Stored records
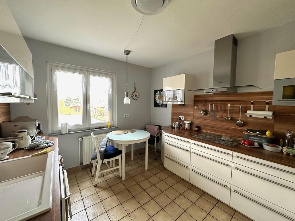 Außen überzeugt das Haus durch ein großzügiges und sehr gepflegtes Grundstück. Neben einer Terrasse zur Straßenseite sowie einer weiteren Terrasse zum Garten bietet die Immobilie vielfältige Aufenthaltsmöglichkeiten im Freien. Der Garten ist weitläufig und liebevoll angelegt. Eine Garage mit zusätzlichen Abstellmöglichkeiten sowie ein direkter Zugang zum Garten runden das Angebot ab.
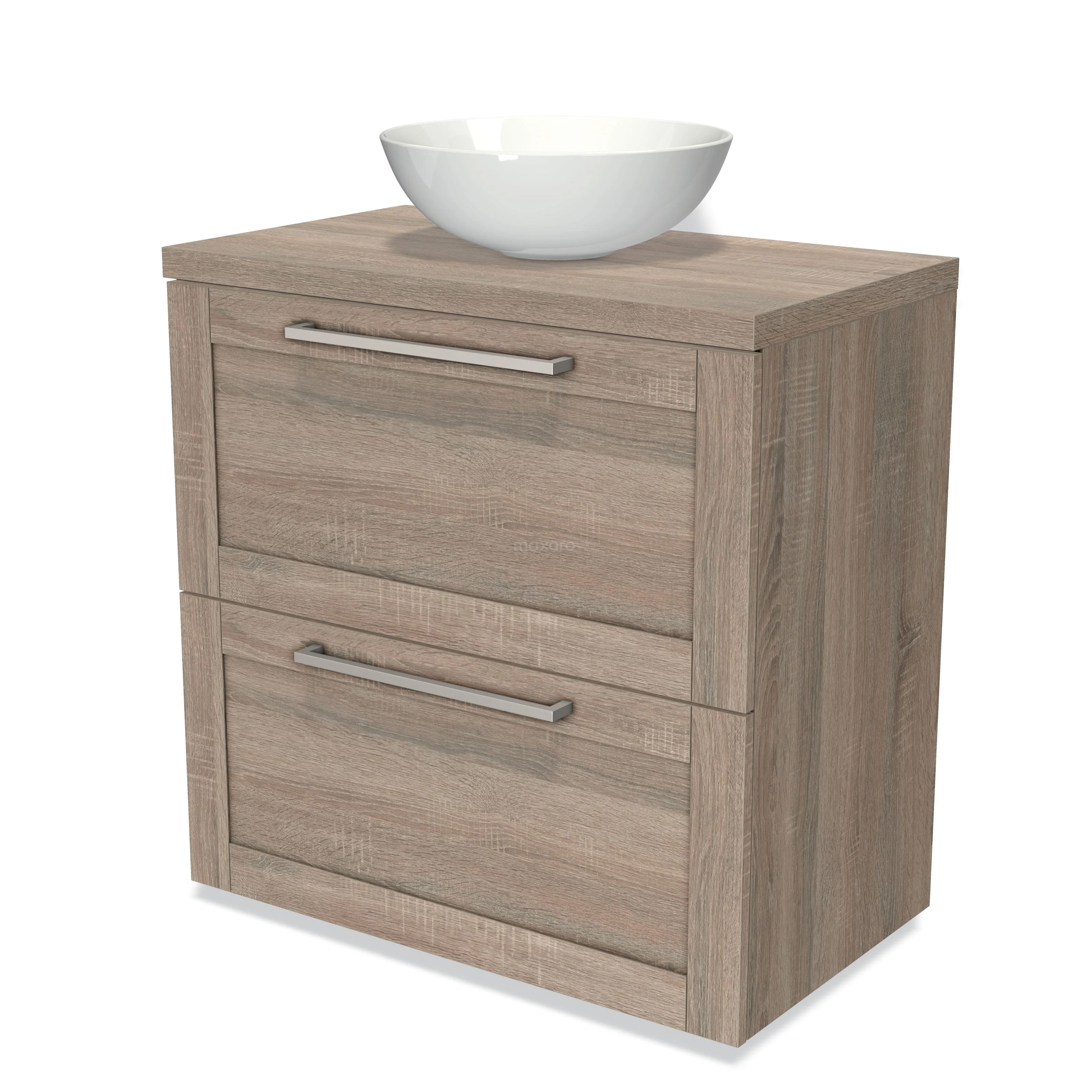 Modulo Plato Badmöbel mit Aufsatzwaschbecken | 80 cm Eiche Rahmen front Eiche blatt 2 hohe Schubladen übereinanderliegend
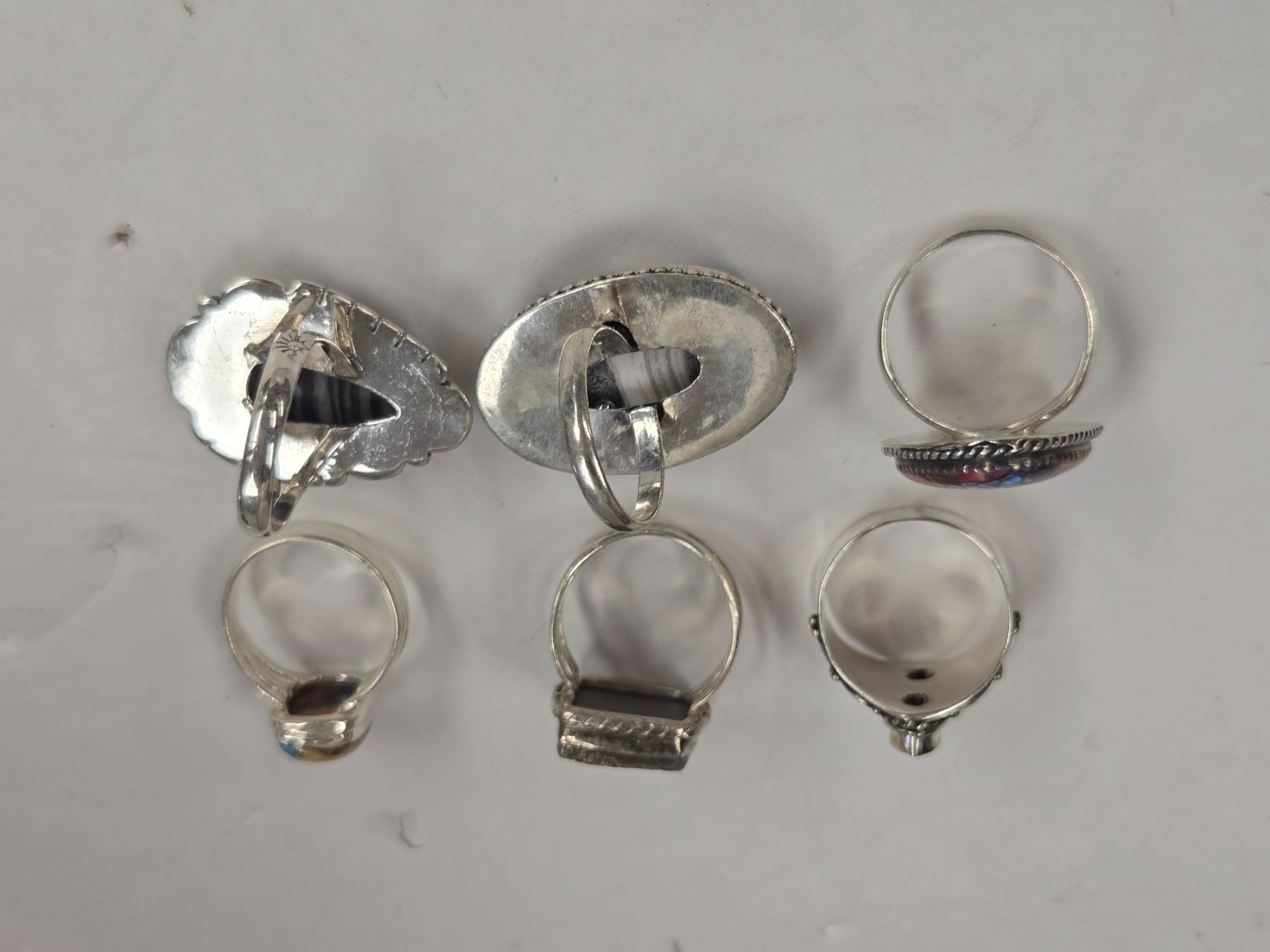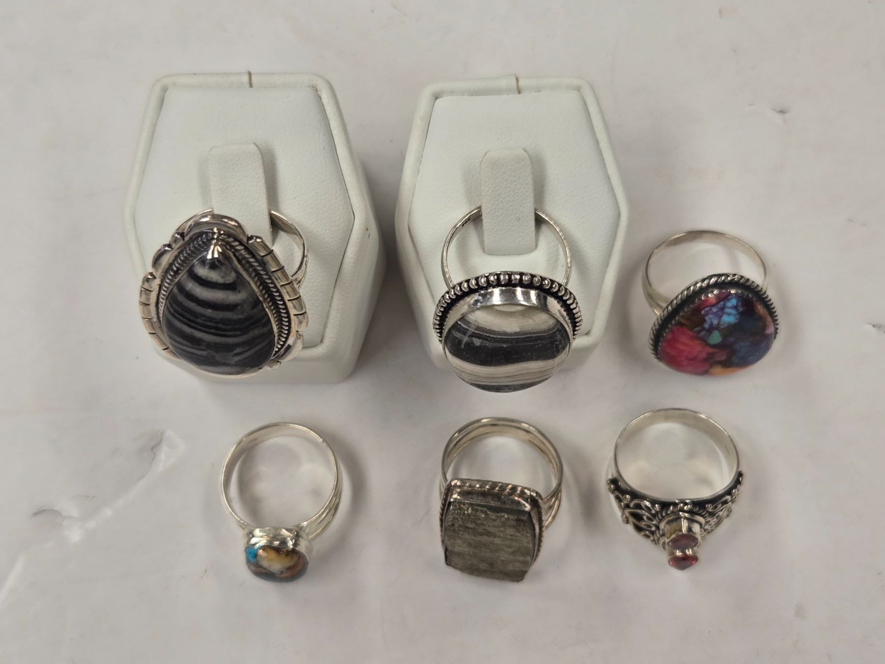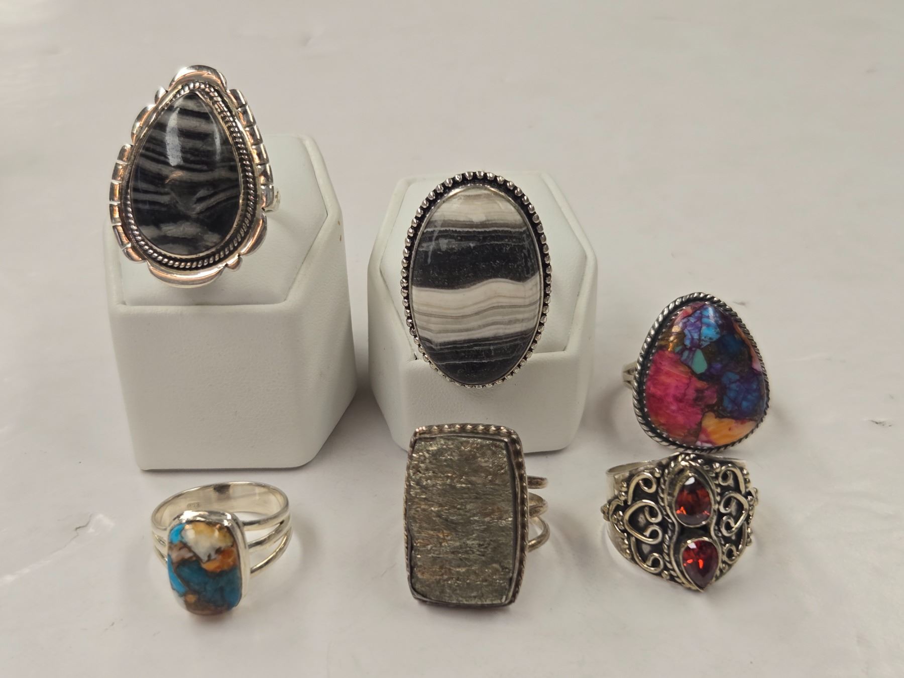 6 New Natural Stone Rings in Silver Settings - all stamped .925 (Oyster Copper Turquoise, Garnet Crystal, Pyrite, & Zebra Agate) Total weight: 58.0 grams
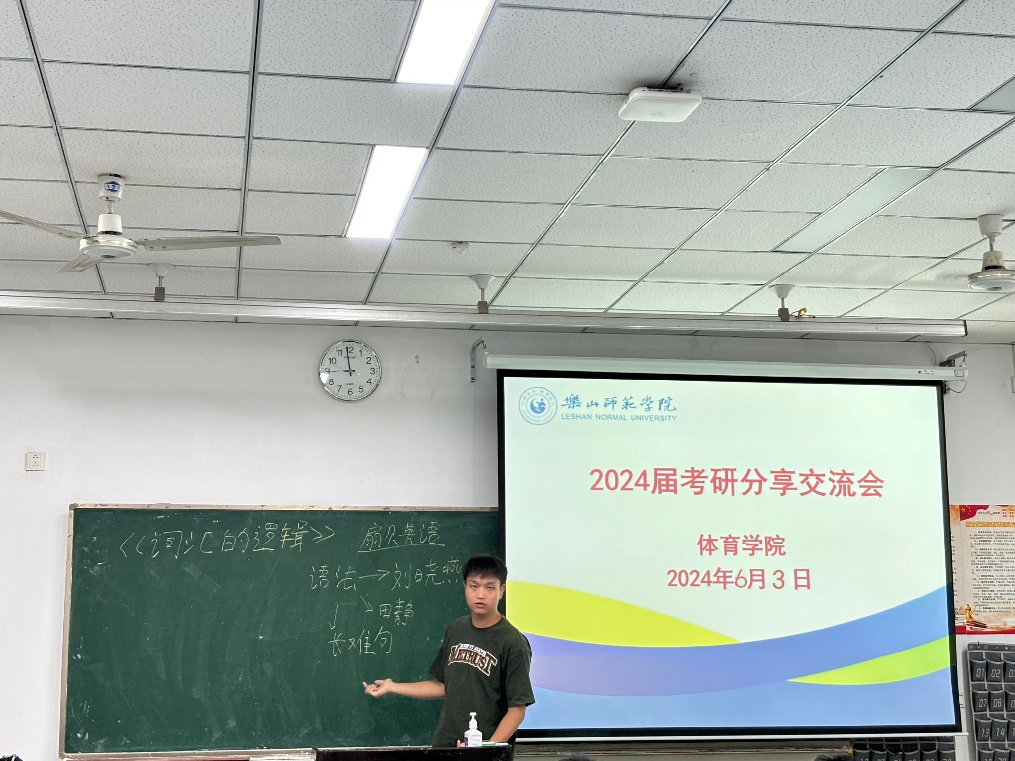 本网讯(文/吴毅 图/安玲)为进一步做好2025届毕业生考研工作,体育学院于6月3日,在行知楼108教室成功举办了2024届考研分享交流会。2024届成功上岸的学生代表、2025届准备考研的同学参加此次分享交流会,会议由体育学院学生管理办公室主任关光富主持。
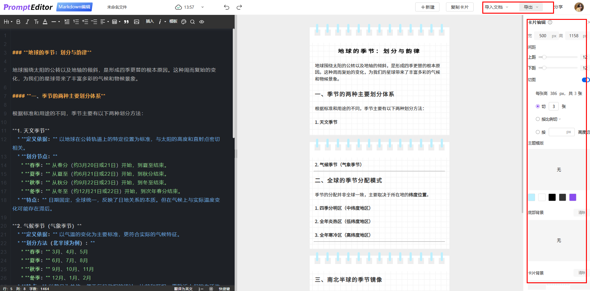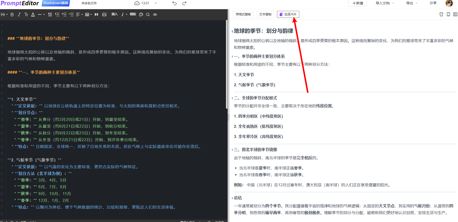 将已准备好的文章粘贴至左侧编辑区,右侧将实时预览效果。确认无误后,点击「生成卡片」。
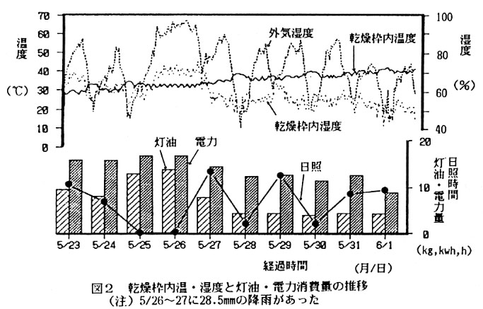 温暖地西部における早生種のニンニク栽培では収穫が5月下旬から6月上旬となり、梅雨に遭遇しやすい。このため、収穫後は人工乾燥によって品質の劣化防止と貯蔵性を確保する必要がある。生産農家の多くは増し枠を付けた稲麦用の静置式乾燥機を使っているが、熱風温度の頻繁な管理が必要であること、灯油バーナの不完全燃焼や熱風の吹抜けによる乾燥むらの発生に注意する必要があること、乾燥期間が10~15日と長く、灯油の消費量が多いことなどが問題となっている。
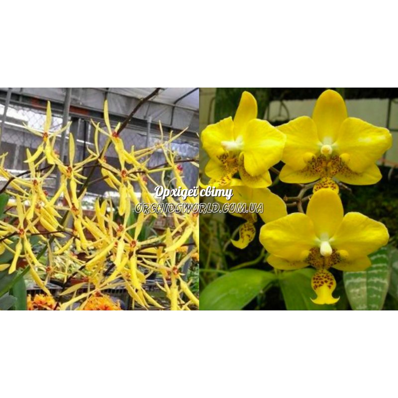 На фото батьки, рослини можуть бути без мутації. Рослини можуть бути не схожими на батьків. Renanthopsis Сitrina x Stuartiana Yellow..
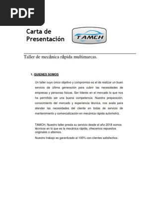 La carta de ejemplo que podrás ver a continuación está pensada para responder a una oferta de empleo en la que se solicita a un ingeniero industrial especialista en instalaciones de frío. En cualquier caso tú puedes adaptarla a tus propias condiciones personales y a la oferta a la que te vayas a presentar. Carta de presentacion taller mecanico automotriz carta de presentacion taller mecanico automotriz ejemplo de carta de presentacion carta de presentacion personal carta de presentacion laboral carta de presentacion empresarial carta de presentacion de una empresa modelo carta de presentacion carta de presentacion de servicios carta de. De nuestra trayectoria formativa y laboral debiéndose ajustar al puesto de trabajo que nos interese.
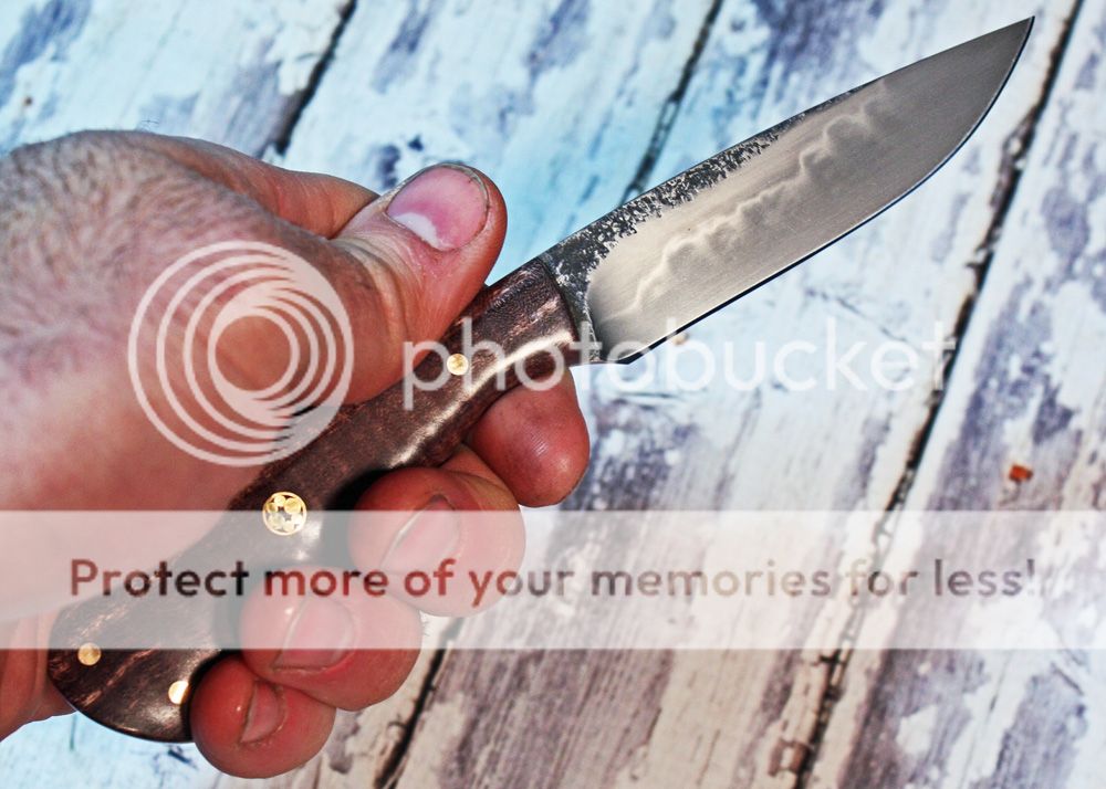 I had some W1 in round stock and forged it into this knife. I clay coated the blade for a nice hamon. It has been hand polished to 2000 grit and etched to bring out the details. it is forged thin and is razor sharp.
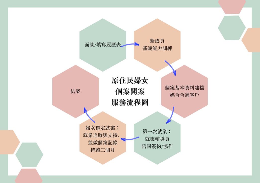 - 社會工作的陪伴與輔導機制:依據原住民婦女的文化與群體特性,設計多元彈性培力方案,協助婦女在生活與工作之間取得平衡,發展能兼顧家庭照顧與就業需求的自立支持系統。
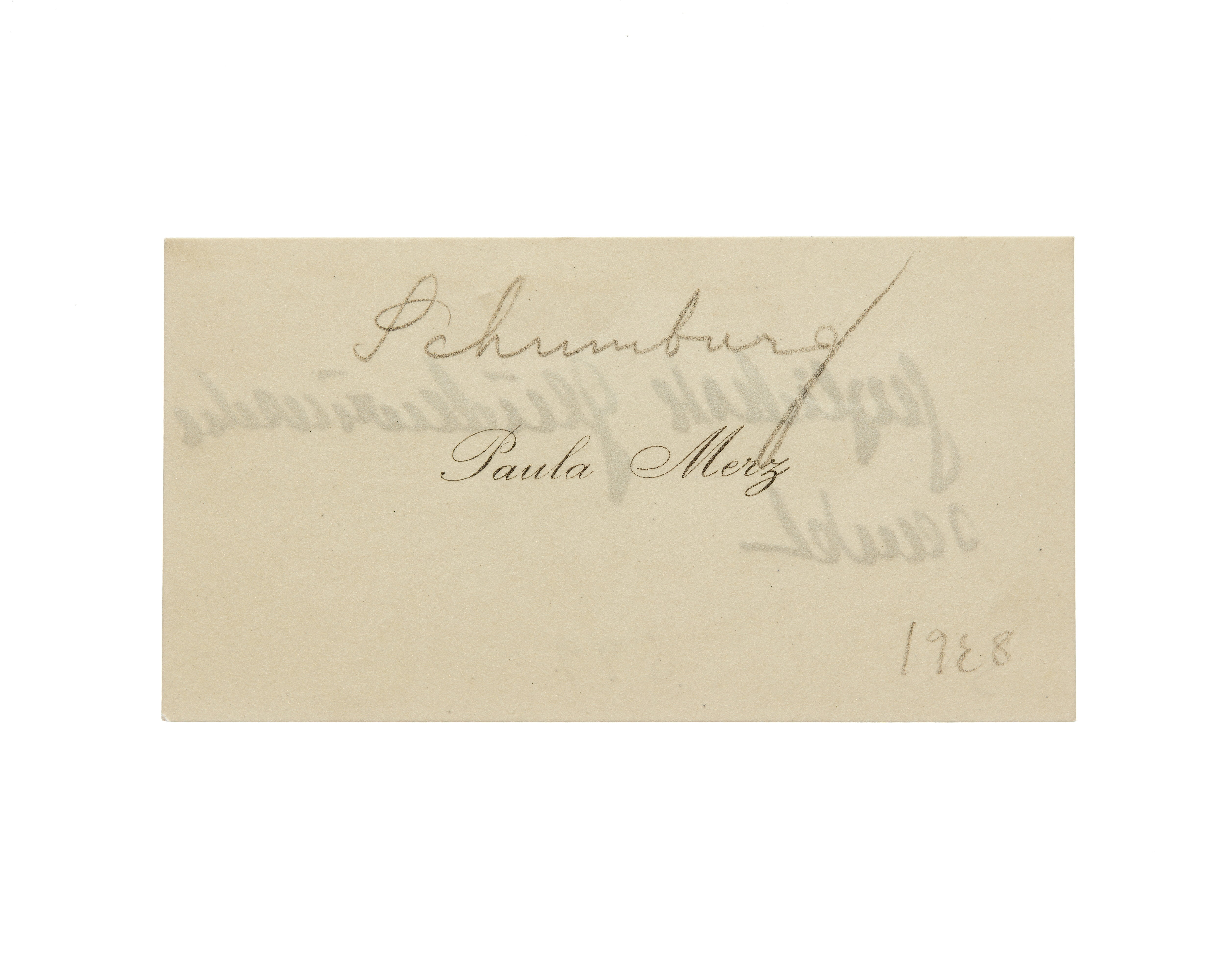 Tre visitkort från Paula Merz. Första kortet daterat 1926. Handskrift "....". Andra kortet daterat 1927. Handskrift "....". Tredje kortet daterat 1928. Handskrift "...".
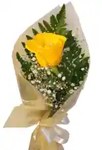 Unidad de rosa amarilla Una rosa amarilla que simboliza amistad y felicidad, perfecta para alegrar el día de alguien especial. Nota: La flor puede ser sustituida dependiendo de la disponibilidad de color y del producto. "Mensaje Personalizado" máximo de 30 caracteres (Dejar el mensaje en el chat, los comentarios no se previsualizan para la tienda, por lo que si se dejan allí no podrá ser incluido).
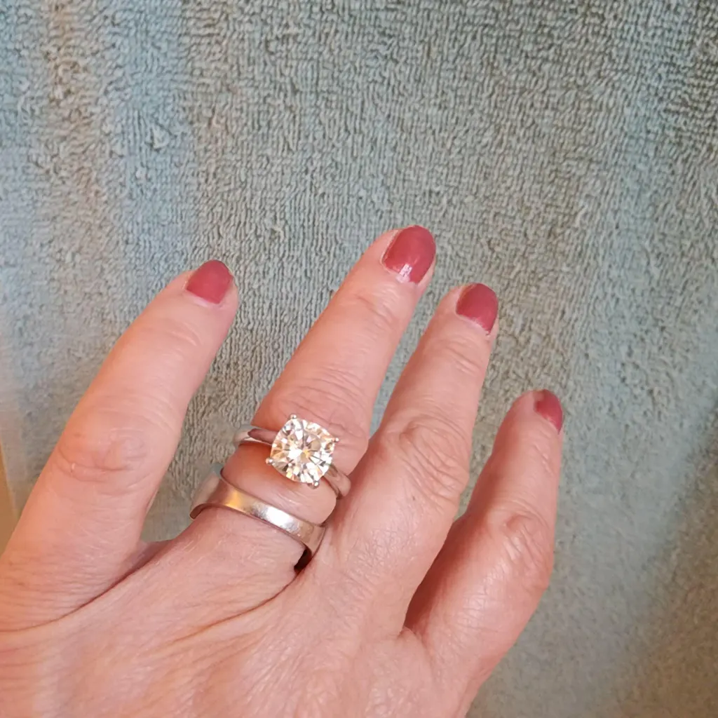 Bold and brilliantly elegant, this 2.80 CTW DEW Cushion Moissanite Four-Prong Solitaire Engagement Ring in Sterling Silver showcases a stunning cushion-cut moissanite at its center. The four-prong setting allows maximum light to enter the stone, highlighting its exceptional fire and sparkle from every angle.

WHAT YOU SHOULD DO:
Using the entries above, extract exactly the lines from the one that contains "本网讯(文/吴毅 图/安玲)" through the one that contains "将已准备好的文章粘贴至左侧编". Do not carry over any pictures.

ANSWER BOX:
 本网讯(文/吴毅 图/安玲)为进一步做好2025届毕业生考研工作,体育学院于6月3日,在行知楼108教室成功举办了2024届考研分享交流会。2024届成功上岸的学生代表、2025届准备考研的同学参加此次分享交流会,会议由体育学院学生管理办公室主任关光富主持。
 将已准备好的文章粘贴至左侧编辑区,右侧将实时预览效果。确认无误后,点击「生成卡片」。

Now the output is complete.